"President Bush is no conservative"
No complaint against Bush is more popular on the
right—or gets a freer pass in the mainstream media—than the notion that he somehow abandoned the philosophy that guides today's Republican Party.
Heartening as it is to hear the growing criticism of Bush from within the GOP ranks, the idea that he's veered from conservatism is hogwash. Bush is the most conservative president we've had since probably Warren G. Harding—and perhaps ever. He has governed, wherever possible, fully in step with the basic conservative principles that defined Ronald Reagan's presidency and have shaped the political right for the last two generations: opposition to New Deal-style social programs; a view of civil liberties as obstacles to dispensing justice; the pursuit of low taxes, especially on businesses and the wealthy; a pro-business stance on regulation; a hawkish, militaristic, nationalistic foreign policy; and a commitment to bringing religion, and specifically Christianity, back into public policy. "Mr. Bush has a philosophy. It is conservative," wrote Peggy Noonan in 2002. Ah, but times change. Last June she complained, "What conservatives and Republicans must recognize is that the White House has broken with them."

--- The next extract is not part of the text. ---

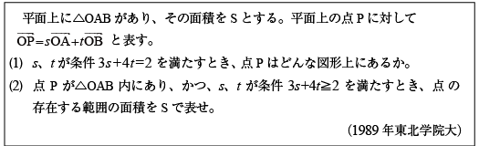 [B]ベクトル方程式と面積の問題(1989年東北学院大)
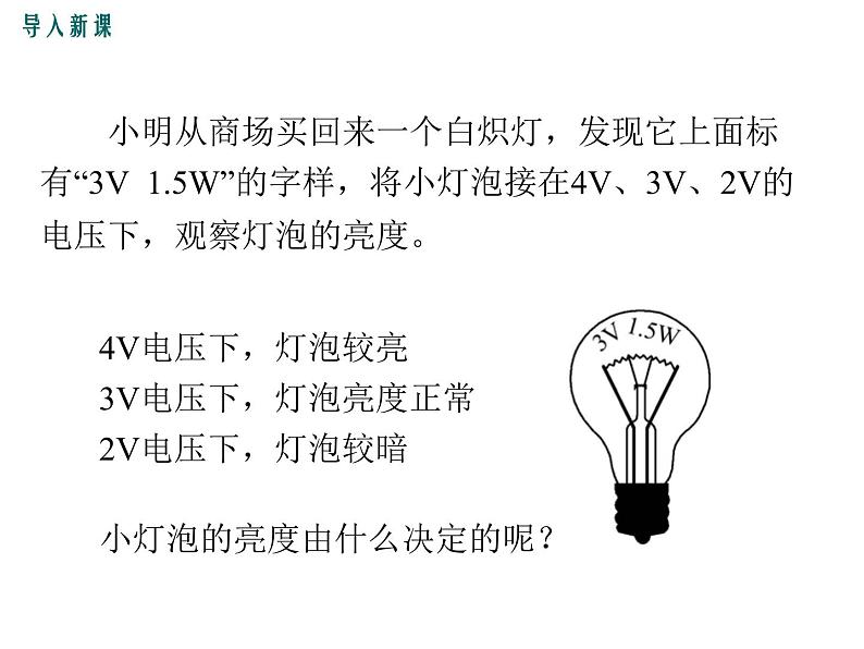 小明从商场买回来一个白炽灯,发现它上面标有“3V 1.5W”的字样,将小灯泡接在4V、3V、2V的电压下,观察灯泡的亮度。

It's certainly true that Bush hasn't delivered on every last item on the conservative wish list. But what president has—or ever could? What Bush's new critics on the right don't see, or won't see, is that to credibly accuse Bush of betraying "conservatism" requires constructing an ideal of conservatism that exists only in the world of theory, not the world of practical politics and democratic governance. It's an ideal that any president would fail to meet. In a democracy, governing means taking into account public opinion and making compromises. That means deviating at times from doctrinal purity.

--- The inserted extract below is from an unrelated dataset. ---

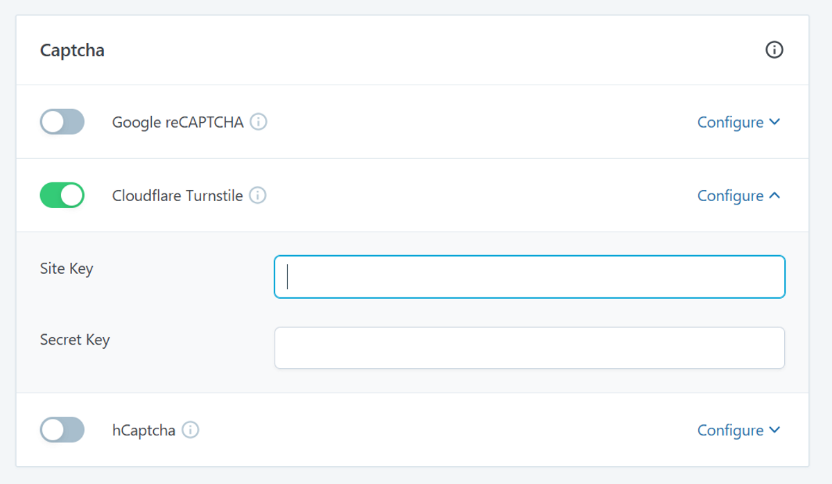 To prevent automated spam, you can safeguard your affiliate registration and login forms by integrating with CAPTCHA services. SliceWP supports Google reCAPTCHA, Cloudflare Turnstile, and hCaptcha to block bot sign-ups.

Indeed, Bush's presidency, far from being a subversion of modern American conservatism, represents its fulfillment. For most of the president's tenure, many of the same folks who now brand him as an incompetent or an impostor happily backed his agenda. Republicans controlled the Senate and the House with iron discipline. They populated the federal court system, built a powerful media apparatus, and, for years after 9/11, benefited from a public climate of reflexive deference to the powers that be. From 2001 to 2007, the conservative movement had as free a hand as it could have hoped for in setting the agenda. The fruits of its efforts are Bush's policies.